» What is needed
Restate each record word for word, omitting whatever pictures it holds.

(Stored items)
########################################

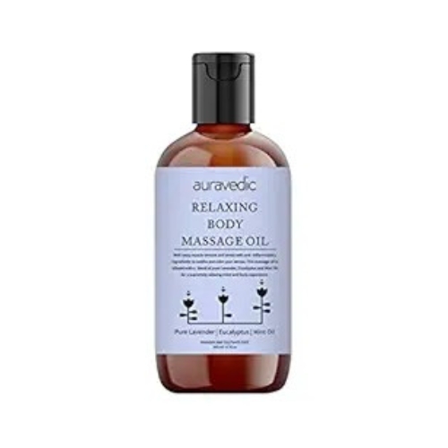 Auravedic Relaxing Body Massage Oil For Full Body Massager For Pain Relief Calming Moisturizer For Dry Skin Face 200 Ml Lavender Eucalyptus Mint Body Oil After Bath For Daily Use
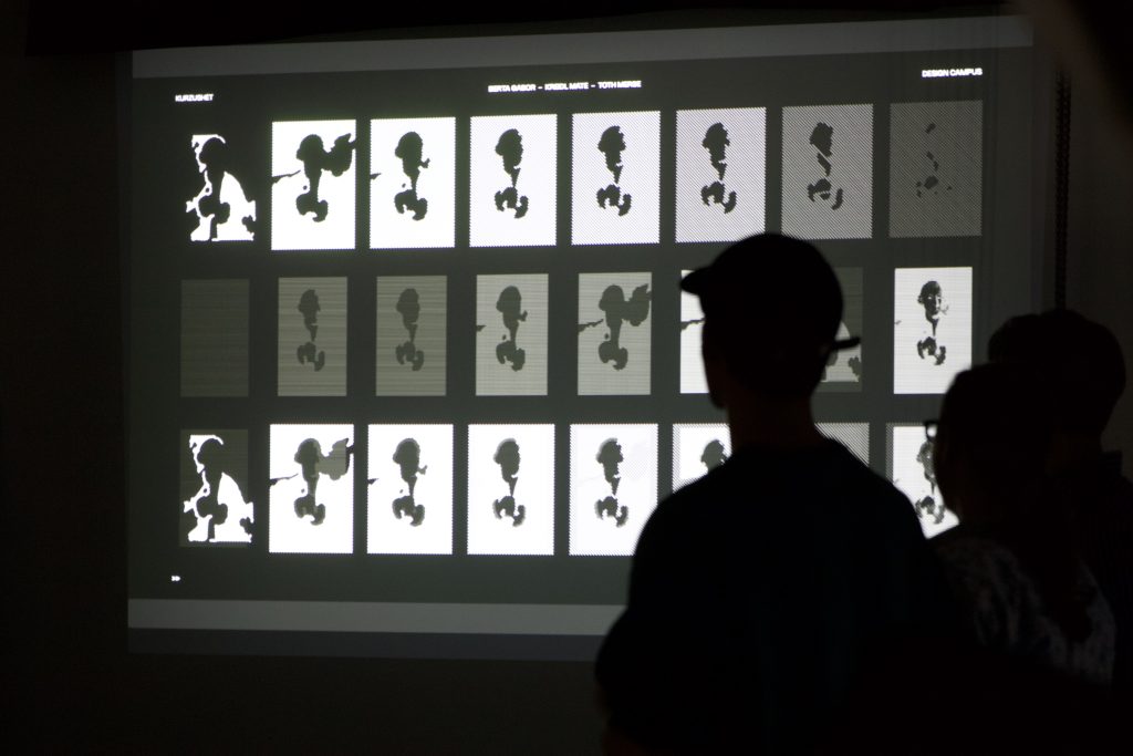 Kapcsolódva a Tervezőgrafika Tanszék idei féléves kiemelt Baskerville témájához Dénes Nóra fotóművész vezetésével a hallgatók a a fény-árnyék, nézőpont-látószög-perspektíva kognitív és perceptuális szerepét vizsgálták a képalkotásban. A résztvevők layeres anamorfikus installációt hoztak létre, melyet aztán animáció segítségével keltettek életre, valamint generatív audioreaktív vonatkozásban gondoltak tovább.
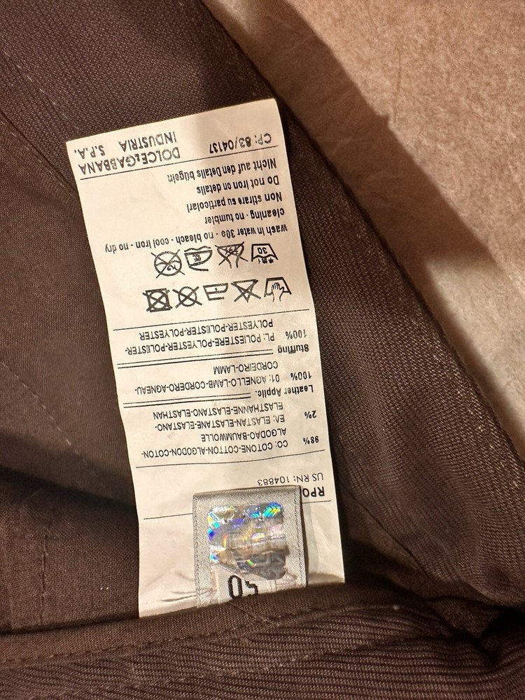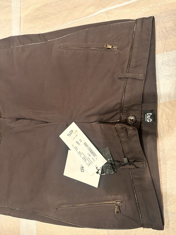 Elevate your wardrobe with these stylish Dolce & Gabbana pants for men. Crafted from high-quality cotton, these pants feature a comfortable mid-rise fit with a 36-inch inseam and a 5-pocket design. The pants come in a classic brown color with button, zipper, and logo accents that add a touch of sophistication to your casual or dressy look. Perfect for any occasion, these pants are suitable for winter, fall, and spring seasons. Whether you're dressing up for a night out or going for a casual weekend look, these Dolce & Gabbana pants will make you stand out. The pants are available in size 50 with a waist size of 36 inches, making them a great fit for most men.
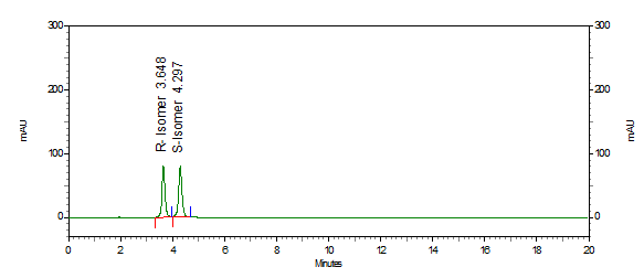 The chromatographic conditions were optimized using a Chiral-AGP (100 x 4.0 mm i. d, 5 µm) column. The mobile phase was 0.1 M Sodium dihydrogen phosphate dihydrate pH 4.0 with ortho phosphoric acid: IPA (85:15, v/v). Diluents 0.1 M Sodium dihydrogen phosphate dihydrate pH 4.0 with ortho phosphoric acid. The flow rate was set at 1.0 ml/min. The column was maintained at 25 ºC and the detection was carried out at a wavelength of 225 nm. The injection volume was 10 µl.
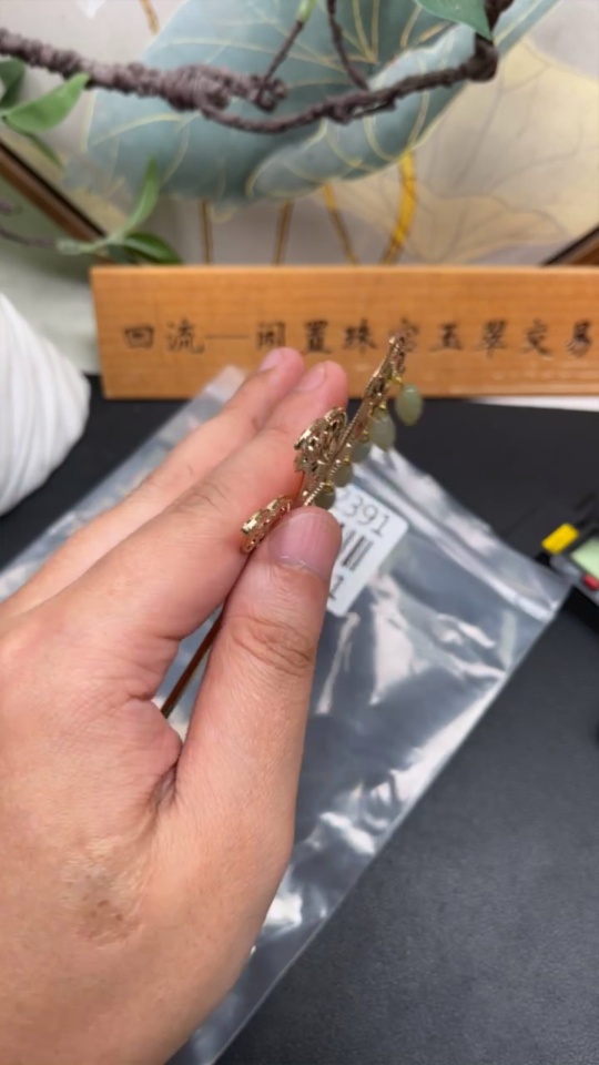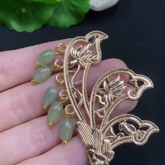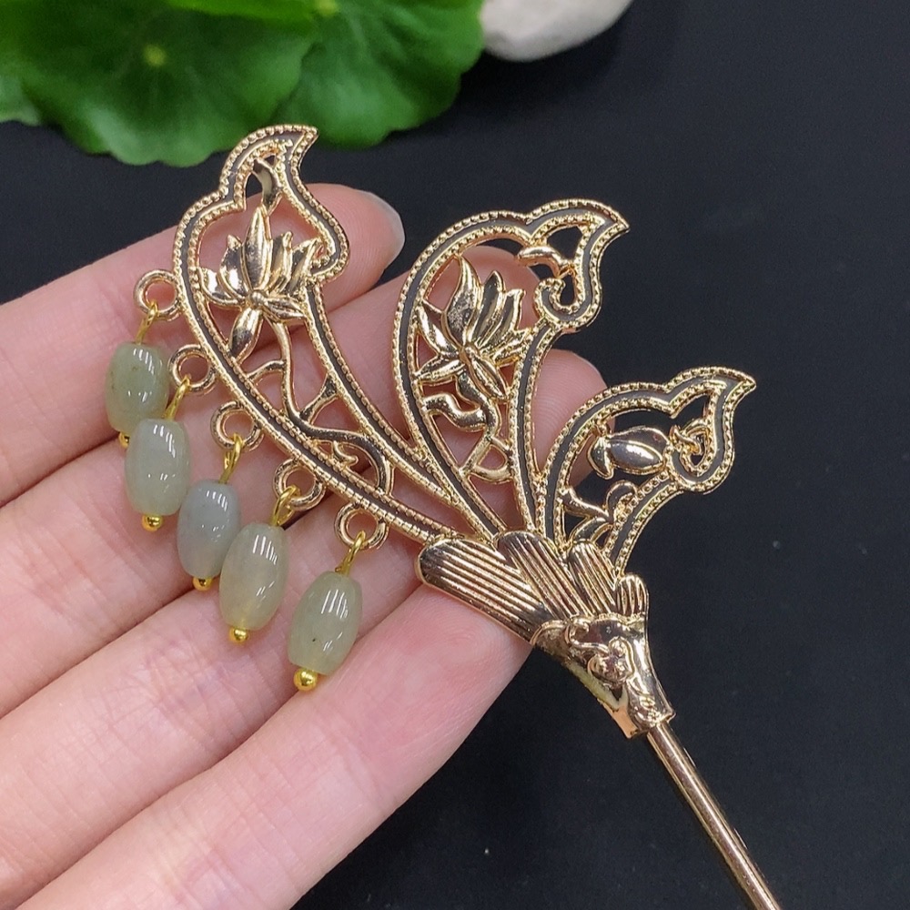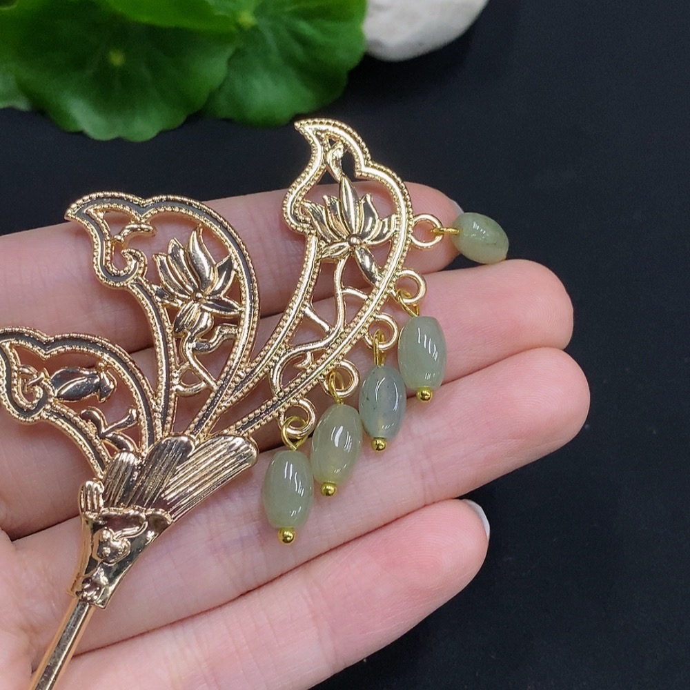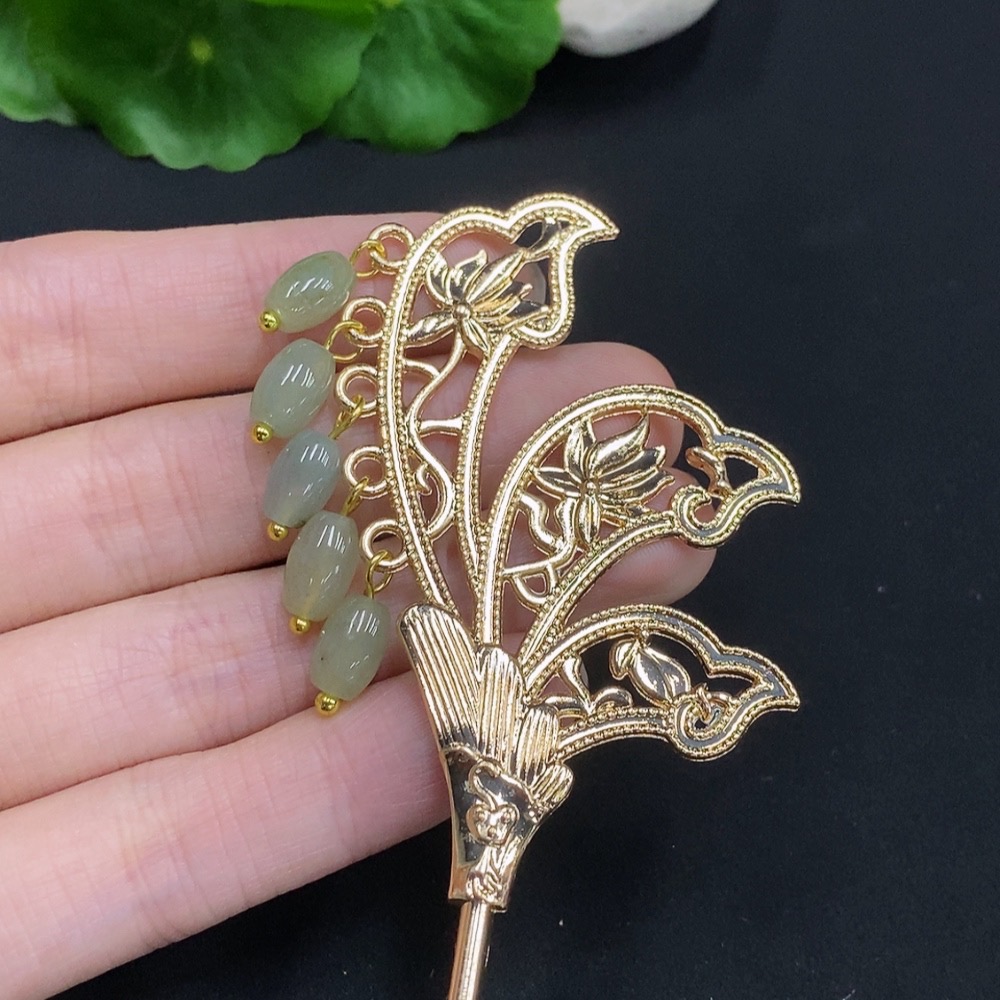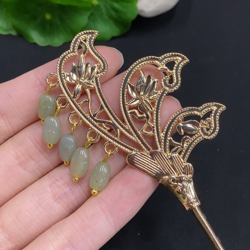 Jadeite Barrel Bead Inlaid Hairpin Non-Gold Inlaid Total Weight Approx. 15.7g

########################################

» Output for this exercise
 Auravedic Relaxing Body Massage Oil For Full Body Massager For Pain Relief Calming Moisturizer For Dry Skin Face 200 Ml Lavender Eucalyptus Mint Body Oil After Bath For Daily Use
 Kapcsolódva a Tervezőgrafika Tanszék idei féléves kiemelt Baskerville témájához Dénes Nóra fotóművész vezetésével a hallgatók a a fény-árnyék, nézőpont-látószög-perspektíva kognitív és perceptuális szerepét vizsgálták a képalkotásban. A résztvevők layeres anamorfikus installációt hoztak létre, melyet aztán animáció segítségével keltettek életre, valamint generatív audioreaktív vonatkozásban gondoltak tovább.
 Elevate your wardrobe with these stylish Dolce & Gabbana pants for men. Crafted from high-quality cotton, these pants feature a comfortable mid-rise fit with a 36-inch inseam and a 5-pocket design. The pants come in a classic brown color with button, zipper, and logo accents that add a touch of sophistication to your casual or dressy look. Perfect for any occasion, these pants are suitable for winter, fall, and spring seasons. Whether you're dressing up for a night out or going for a casual weekend look, these Dolce & Gabbana pants will make you stand out. The pants are available in size 50 with a waist size of 36 inches, making them a great fit for most men.
 The chromatographic conditions were optimized using a Chiral-AGP (100 x 4.0 mm i. d, 5 µm) column. The mobile phase was 0.1 M Sodium dihydrogen phosphate dihydrate pH 4.0 with ortho phosphoric acid: IPA (85:15, v/v). Diluents 0.1 M Sodium dihydrogen phosphate dihydrate pH 4.0 with ortho phosphoric acid. The flow rate was set at 1.0 ml/min. The column was maintained at 25 ºC and the detection was carried out at a wavelength of 225 nm. The injection volume was 10 µl.
 Jadeite Barrel Bead Inlaid Hairpin Non-Gold Inlaid Total Weight Approx. 15.7g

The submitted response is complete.